■ Source data:
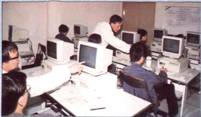
1993年10月上海市审计局利用日本政府贷款，建立了上海市审计信息中心，培养了一批又一批电脑操作人员
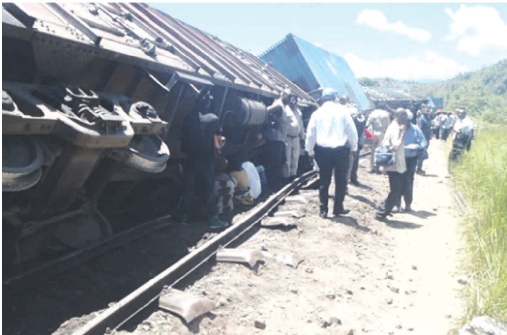
Les accidents de train sont très fréquents en RDC

Les chiffres avancés initialement faisaient état d'une cinquantaine de morts, ou précisément de cinquante-sept victimes, comme l'avait indiqué le ministre des Médias et porte-parole du gouvernement, Lambert Mende, au lendemain des faits. Le ministre de la Santé qui est arrivé sur les lieux du drame a dénombré quarante-huit victimes. À cela s'ajoutent cent soixante-deux blessés dont onze se trouvent dans un état critique. L'ONG des droits de l'Homme Justicia en a dénombré une centaine. Plusieurs sources concordantes tablent sur une quarantaine des victimes en plus d'une cinquantaine des blessés graves. Le bilan pourrait s'alourdir si l'on considère les corps enfouis sous les décombres en attente d'y être tirés. En attendant les mesures à prendre qu'aura à formuler l'équipe d'enquêteurs dépêchés sur place, des hypothèses sont émises pour expliquer les circonstances de cet accident ferroviaire.

■ Work task: With all pictures left out, please transcribe exactly the lines from the start of the material through the line with "Les accidents de".

■ Written response:
1993年10月上海市审计局利用日本政府贷款，建立了上海市审计信息中心，培养了一批又一批电脑操作人员
Les accidents de train sont très fréquents en RDC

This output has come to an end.